Boston society, explained to his students that the tea ceremony is really just the art of life itself. In honor of the Grand Opening of our new Cultural Village, the first exhibition of 2017 is a celebration of tea culture in the art and life of Hosokawa Morihiro, a former Prime Minister of Japan. He is also the 18th generation descendant of the Hosokawa clan of daimyo (feudal lords), one of the most illustrious samurai families in Japanese history. Bunbu-Ryodo, the Twofold Path of Pen and Sword, has been a part of the warrior tradition in Japan since the feudal ages. With 600 years of family history as warriors, tea masters and poets, Hosokawa left a career in politics behind in the late 1990s to pursue the life of an artist in clay and ink. This contemporary Renaissance man knew it was time to leave the battleground of modern politics and embrace the art of life. After a formal apprenticeship as a potter, this accomplished artist, calligrapher and poet, expresses a love of simplicity and originality in his work and in his life. As a descendant of some of the great warrior/ tea masters of Japan’s feudal period, today he practices tea ceremony in a manner that is uniquely his own in a tea house/tree house that he had specially made. The Way of Tea plays a primary role in the cultural programs of the Portland Japanese Garden and we are honored to have former Prime Minister Hosokawa’s exhibition to open the new Cultural Village in both the Pavilion Gallery and the new Tanabe Gallery.

SUMMER

KABUKI: A Revolution in Color and Design

Summer brings an exhilarating, new direction in the Art in the Garden series when we explore Japan’s most flamboyant and fanciful performance art through 10 elaborate costumes in the exhibition Kabuki: A Revolution in Color and Design.
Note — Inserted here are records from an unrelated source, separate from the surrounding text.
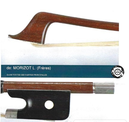 Morizot Freres Cello Bow with cloth bandaid around stick near between frog and grip, in single black Protec bow case.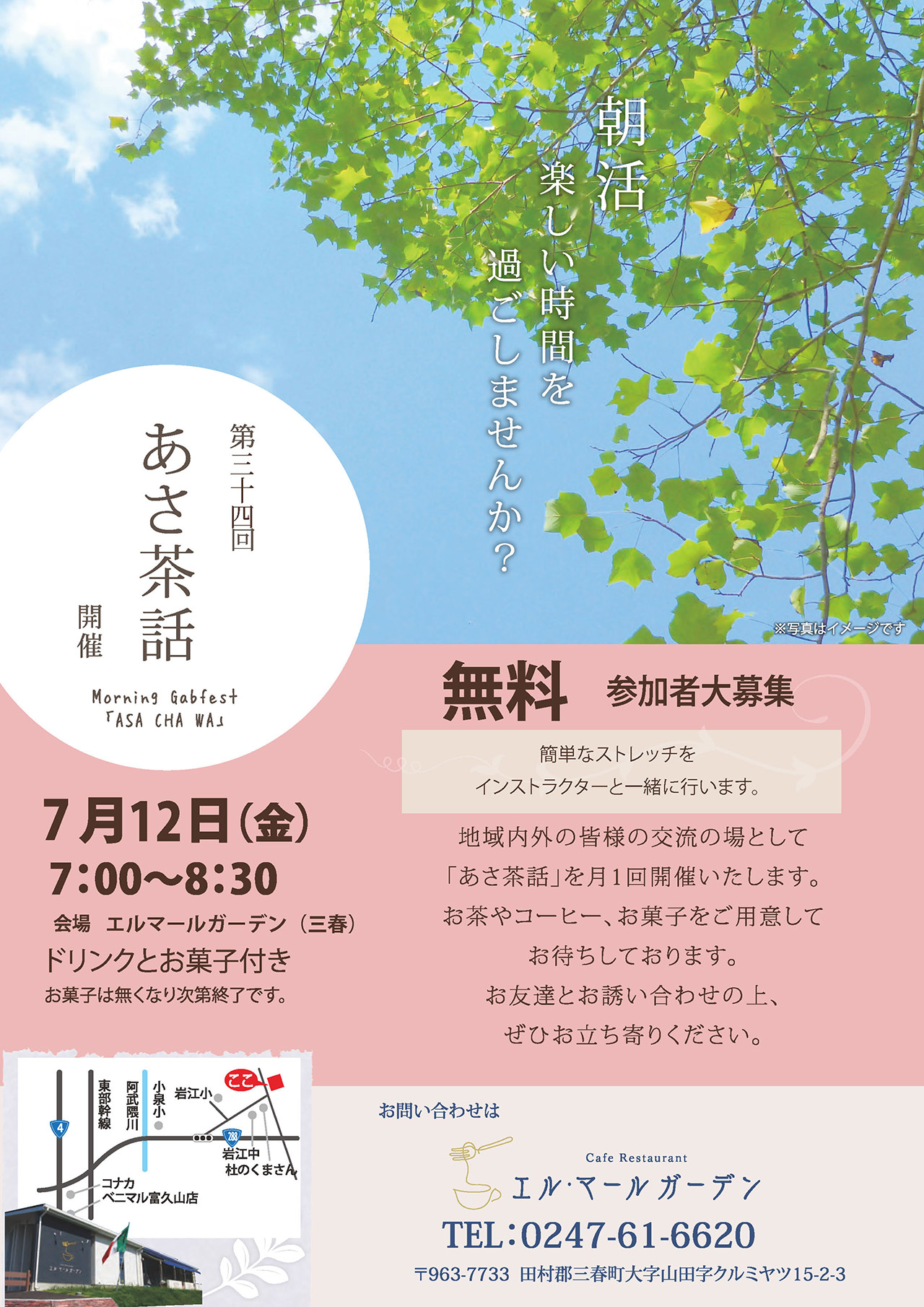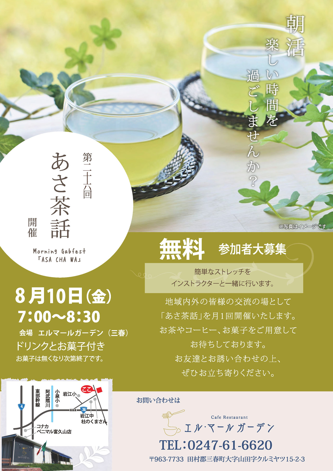 | 2018/7/30 | ★8/10 第26回 あさ茶話★ 地域内外の皆様の交流の場として「あさ茶話」を月1回開催いたします。参加無料 ドリンクとお菓子付き | |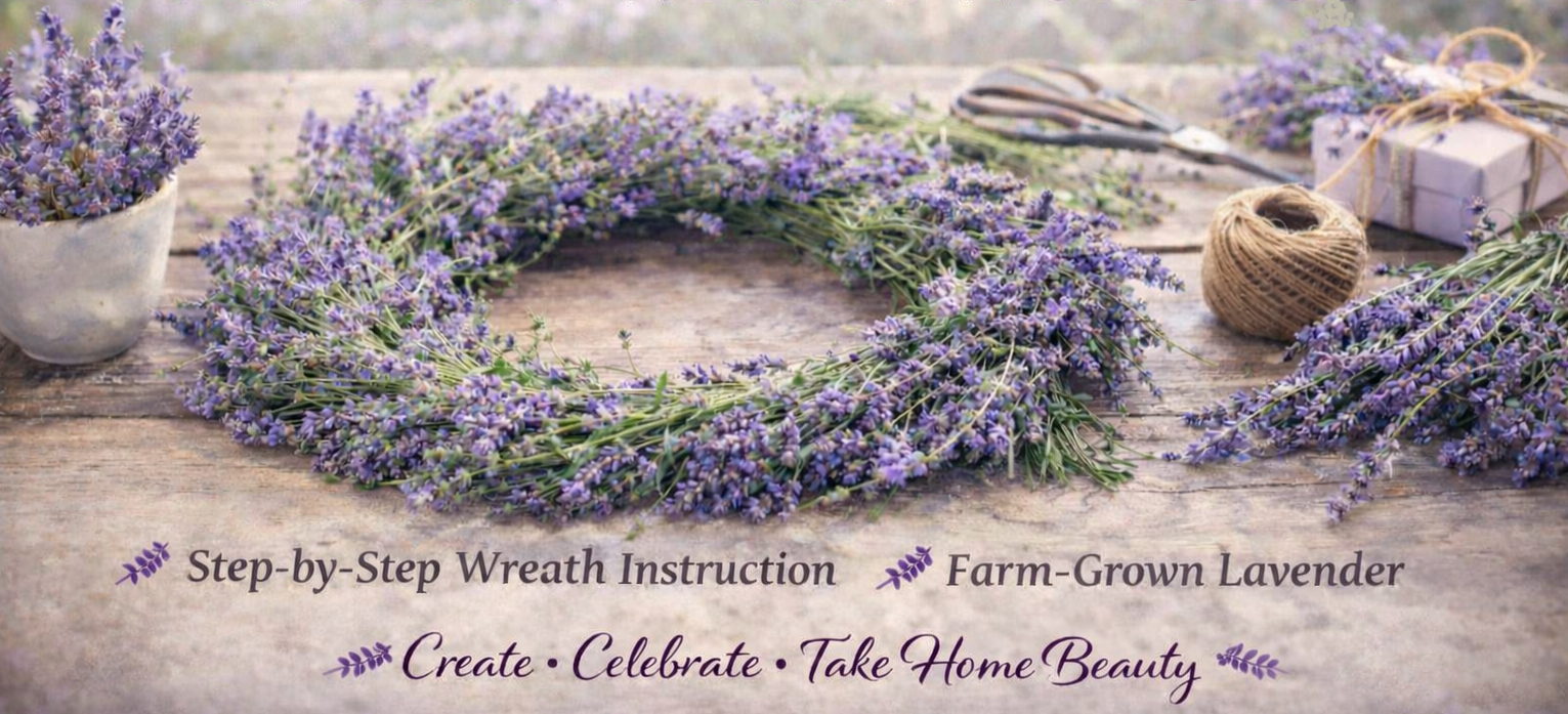 Craft with the season in a peaceful farm setting. Our group workshops invite you to slow down, breathe in the scent of lavender, and create a lasting wreath using farm-grown lavender and native wildflowers, all gathered on the property. This is a welcoming, inclusive space rooted in creativity, connection, and nature.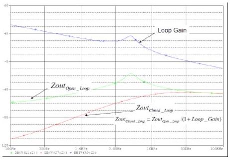 图1 闭环输出阻抗峰值Zout出现在控制环路交叉频率处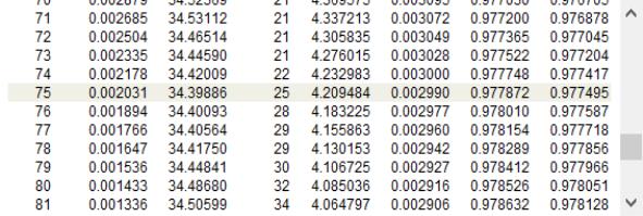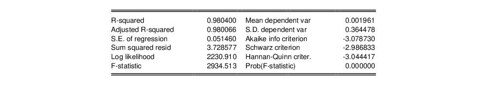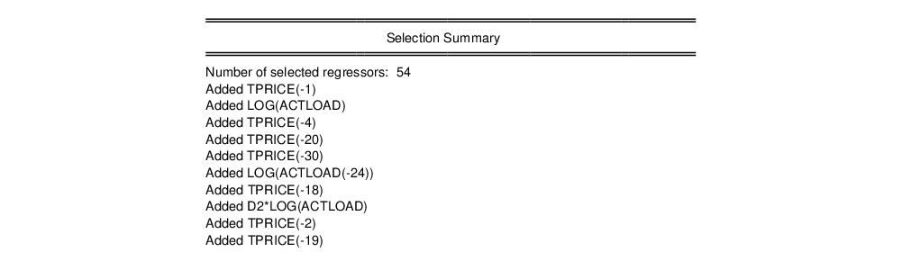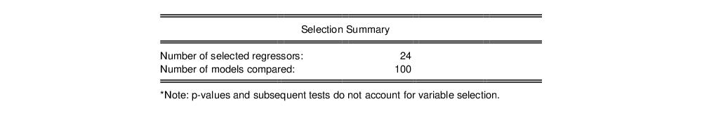 The output from this estimation is similar to the previous two; the upper portion describes the selection method, the middle displays the final model’s coefficient estimates and associates statistics, and the bottom provides some small detail on the selection process. In contrast to the stepwise procedure, Auto-search has only selected 27 regressors.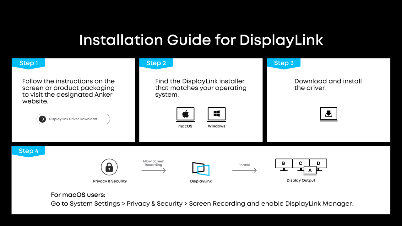 - Mac Users (Set Permissions): After installing the software, Mac users must also go to System Settings > Privacy & Security > Screen Recording. Then locate DisplayLink and toggle it on. This is required to allow the dock to display your screen content. Rest assured—your personal data will not be recorded or shared.

Kabuki is a classical Japanese dance-drama, which originated in the 17th century and continues to the present day under the auspices of Shochiku Co. of Tokyo. Kabuki theatre is known for the popular stylization of its drama and for the elaborate make-up worn by the performers. It became a common form of entertainment in the lively entertainment district in old Kyoto and Edo (now Tokyo). Crowd of enthusiastic fans from various levels of society gathered under one giant roof for these lively performances, a mingling of the strictly regulated social classes that happened nowhere else in the city. The Kabuki stage provides exciting entertainment with music and dance performed by famous actors, who were the wildly popular celebrities of their day.

Their brilliantly hand-painted and lavishly embroidered silk costumes exploded on stage in a riot of color.

FALL

Mirrors of the Mind: The Noh Masks of Otsuki Koukun

In October, thirty hand-carved masks by Otsuki Koukun and eight elegant brocade costumes from the traditional silk looms of Orinasu kan in Kyoto bring the elusive world of Noh drama to Portland in the exhibition Mirrors of the Mind: The Noh Masks of Otsuki Koukun. This aristocratic form of theater art is vastly different from the exuberant peoples’ art form of Kabuki. Solemn and slowmoving, the stories often depict famous historical characters and restless spirits who return to earth to settle unresolved issues that haunt the consciousness of the living. In his quiet studio tucked away on a Kyoto backstreet, Mr. Otsuki is one of a handful of professional Noh mask carvers working today. The exhibition is highlighted by performances by Living National Treasure Noh actor Kawamura Haruhisa during the opening days of the exhibition.

A demonstration of Noh mask carving will be presented by Mr. Ohtsuki, who will also be present for the opening.